REQUIREMENT »
The part below that opens with the line containing "2.2. Evaluation of" and closes with the line containing "Stable Diffusion is" should be copied exactly, minus any pictures.

TASK MATERIAL »
········

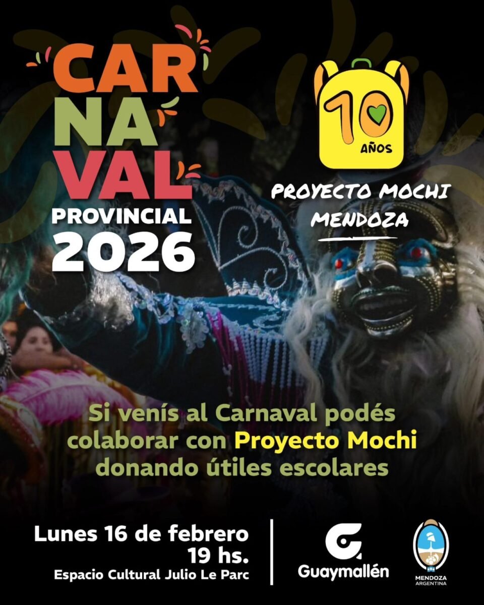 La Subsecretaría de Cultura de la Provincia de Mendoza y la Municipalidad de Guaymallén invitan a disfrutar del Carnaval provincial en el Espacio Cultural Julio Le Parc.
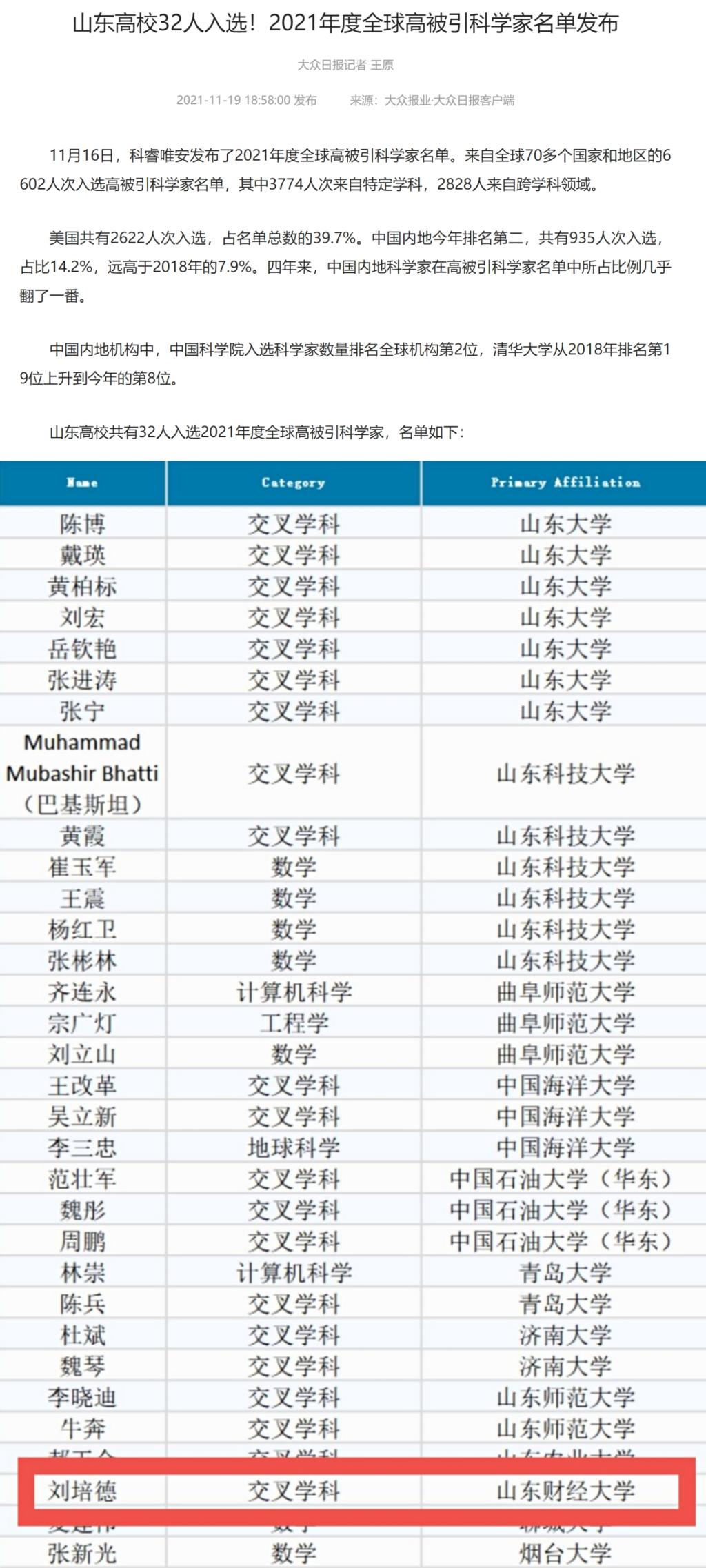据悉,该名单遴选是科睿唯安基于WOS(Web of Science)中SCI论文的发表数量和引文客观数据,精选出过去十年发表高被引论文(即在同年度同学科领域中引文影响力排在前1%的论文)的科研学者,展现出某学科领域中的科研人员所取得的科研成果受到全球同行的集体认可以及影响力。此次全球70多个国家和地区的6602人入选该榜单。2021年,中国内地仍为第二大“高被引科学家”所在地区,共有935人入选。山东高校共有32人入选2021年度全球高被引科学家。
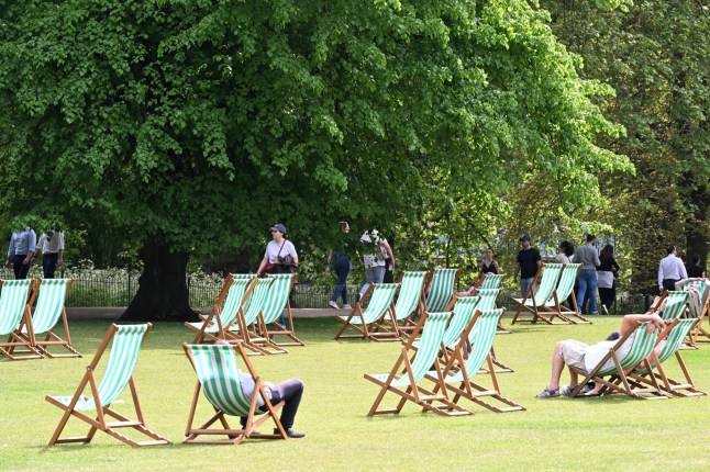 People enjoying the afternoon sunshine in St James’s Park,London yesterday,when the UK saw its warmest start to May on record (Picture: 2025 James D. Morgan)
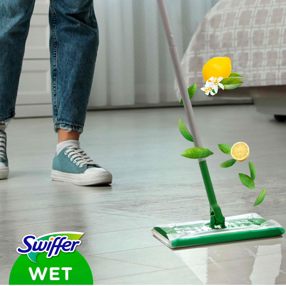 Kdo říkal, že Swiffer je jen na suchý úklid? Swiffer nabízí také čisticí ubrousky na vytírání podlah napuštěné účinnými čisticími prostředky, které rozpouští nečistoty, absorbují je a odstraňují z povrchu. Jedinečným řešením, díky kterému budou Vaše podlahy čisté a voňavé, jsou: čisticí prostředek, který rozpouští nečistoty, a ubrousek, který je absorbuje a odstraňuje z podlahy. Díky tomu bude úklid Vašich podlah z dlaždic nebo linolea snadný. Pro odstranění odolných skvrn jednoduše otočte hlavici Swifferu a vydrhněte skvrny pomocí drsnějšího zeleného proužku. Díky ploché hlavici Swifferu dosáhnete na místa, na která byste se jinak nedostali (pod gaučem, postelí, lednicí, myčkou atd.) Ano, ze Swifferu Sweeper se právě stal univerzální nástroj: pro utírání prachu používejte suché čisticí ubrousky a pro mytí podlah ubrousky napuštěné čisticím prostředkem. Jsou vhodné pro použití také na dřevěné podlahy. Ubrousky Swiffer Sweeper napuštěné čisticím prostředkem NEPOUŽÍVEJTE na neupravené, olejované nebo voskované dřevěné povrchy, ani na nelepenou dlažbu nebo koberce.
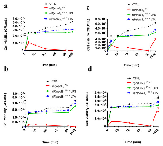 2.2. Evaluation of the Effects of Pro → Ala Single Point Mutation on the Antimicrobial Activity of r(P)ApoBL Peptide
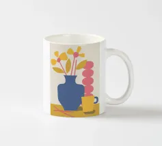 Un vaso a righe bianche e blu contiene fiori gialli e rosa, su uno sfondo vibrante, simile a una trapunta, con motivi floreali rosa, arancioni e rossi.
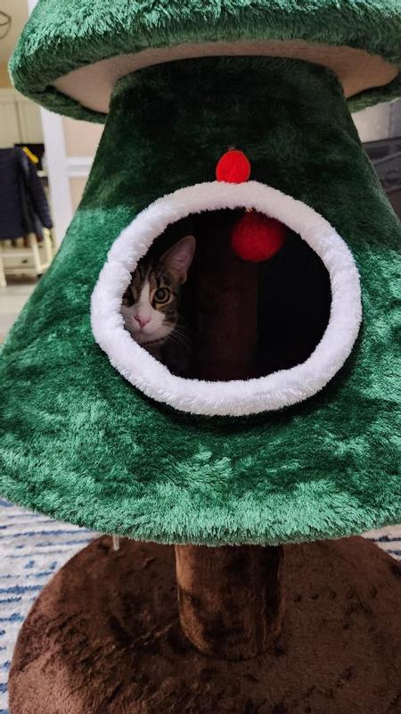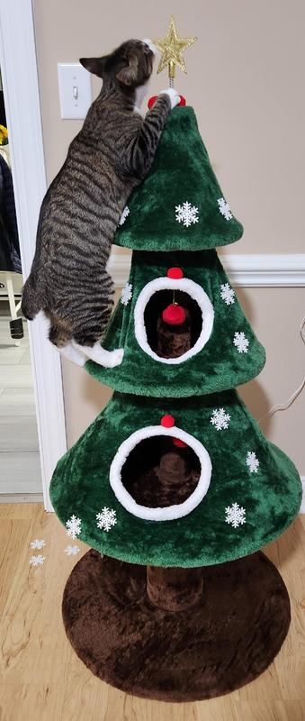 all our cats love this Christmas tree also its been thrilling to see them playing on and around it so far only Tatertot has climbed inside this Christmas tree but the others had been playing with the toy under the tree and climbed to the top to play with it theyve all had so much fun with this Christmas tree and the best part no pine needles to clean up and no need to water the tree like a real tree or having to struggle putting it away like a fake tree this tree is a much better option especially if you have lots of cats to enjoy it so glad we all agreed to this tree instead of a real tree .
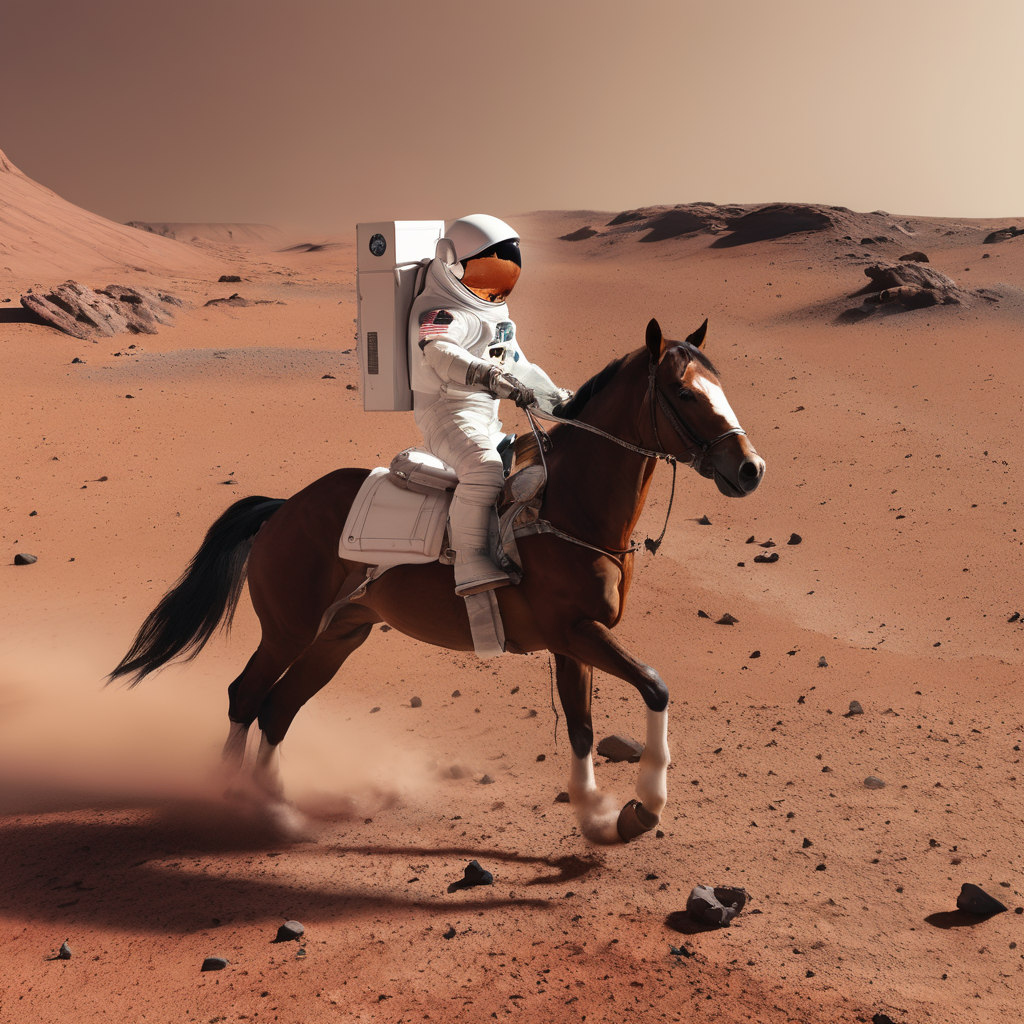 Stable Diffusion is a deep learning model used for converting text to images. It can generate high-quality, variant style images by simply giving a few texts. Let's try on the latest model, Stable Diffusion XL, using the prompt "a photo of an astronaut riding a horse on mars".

········

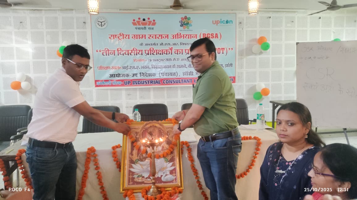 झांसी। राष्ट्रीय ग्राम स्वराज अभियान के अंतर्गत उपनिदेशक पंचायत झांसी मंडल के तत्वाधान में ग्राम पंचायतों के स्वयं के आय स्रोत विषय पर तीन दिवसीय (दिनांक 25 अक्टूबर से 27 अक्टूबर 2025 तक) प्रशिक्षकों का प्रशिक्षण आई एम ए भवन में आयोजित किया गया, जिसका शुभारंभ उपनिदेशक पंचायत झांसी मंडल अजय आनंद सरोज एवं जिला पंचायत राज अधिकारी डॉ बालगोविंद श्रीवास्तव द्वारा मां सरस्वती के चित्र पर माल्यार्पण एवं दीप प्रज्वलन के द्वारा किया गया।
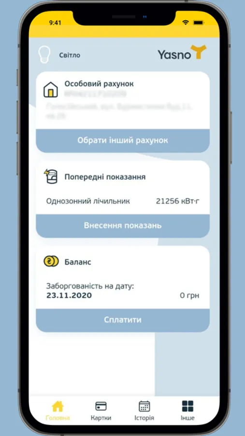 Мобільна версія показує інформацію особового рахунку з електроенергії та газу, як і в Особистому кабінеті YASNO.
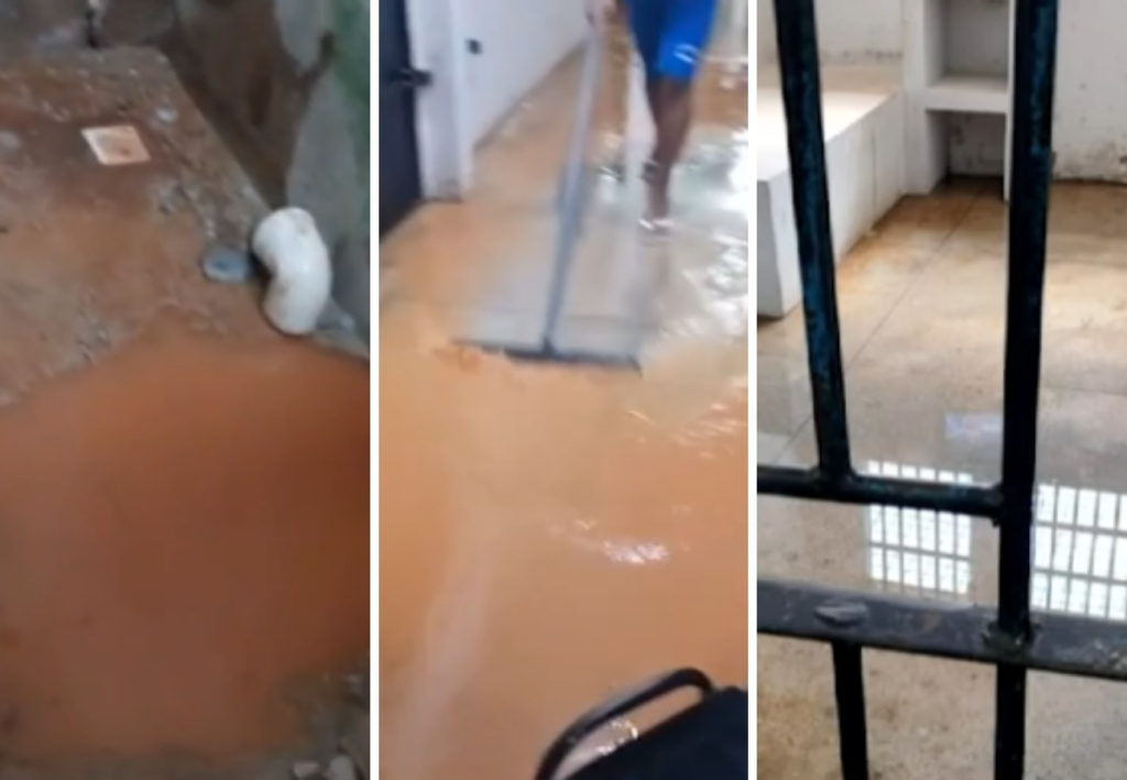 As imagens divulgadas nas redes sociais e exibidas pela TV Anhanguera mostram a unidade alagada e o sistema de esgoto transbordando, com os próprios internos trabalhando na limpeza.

········

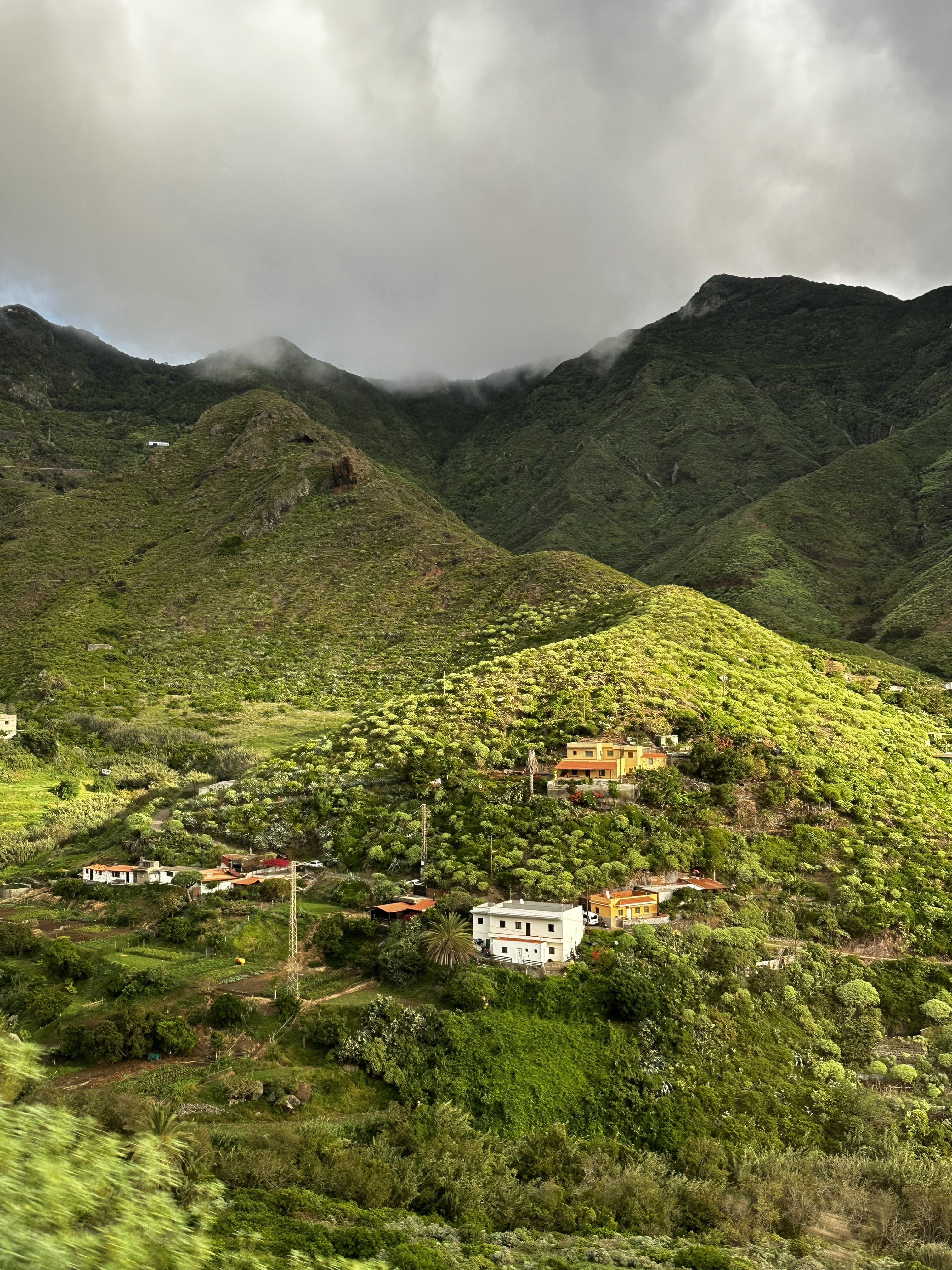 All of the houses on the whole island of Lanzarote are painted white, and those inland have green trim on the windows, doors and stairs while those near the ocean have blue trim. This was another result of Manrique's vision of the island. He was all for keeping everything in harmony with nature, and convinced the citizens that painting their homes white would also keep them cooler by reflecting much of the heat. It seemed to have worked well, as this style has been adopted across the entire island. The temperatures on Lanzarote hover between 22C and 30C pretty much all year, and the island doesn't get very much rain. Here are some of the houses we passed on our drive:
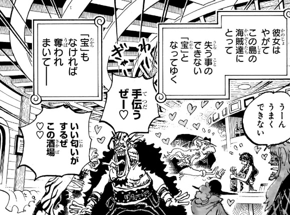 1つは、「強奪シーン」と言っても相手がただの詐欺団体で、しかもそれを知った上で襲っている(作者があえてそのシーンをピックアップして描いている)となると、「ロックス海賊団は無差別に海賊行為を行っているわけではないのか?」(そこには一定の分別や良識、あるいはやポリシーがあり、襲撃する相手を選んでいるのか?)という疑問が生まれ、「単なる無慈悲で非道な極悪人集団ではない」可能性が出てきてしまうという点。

········

SOLUTION TO THIS EXERCISE »
 2.2. Evaluation of the Effects of Pro → Ala Single Point Mutation on the Antimicrobial Activity of r(P)ApoBL Peptide
 Un vaso a righe bianche e blu contiene fiori gialli e rosa, su uno sfondo vibrante, simile a una trapunta, con motivi floreali rosa, arancioni e rossi.
 all our cats love this Christmas tree also its been thrilling to see them playing on and around it so far only Tatertot has climbed inside this Christmas tree but the others had been playing with the toy under the tree and climbed to the top to play with it theyve all had so much fun with this Christmas tree and the best part no pine needles to clean up and no need to water the tree like a real tree or having to struggle putting it away like a fake tree this tree is a much better option especially if you have lots of cats to enjoy it so glad we all agreed to this tree instead of a real tree .
 Stable Diffusion is a deep learning model used for converting text to images. It can generate high-quality, variant style images by simply giving a few texts. Let's try on the latest model, Stable Diffusion XL, using the prompt "a photo of an astronaut riding a horse on mars".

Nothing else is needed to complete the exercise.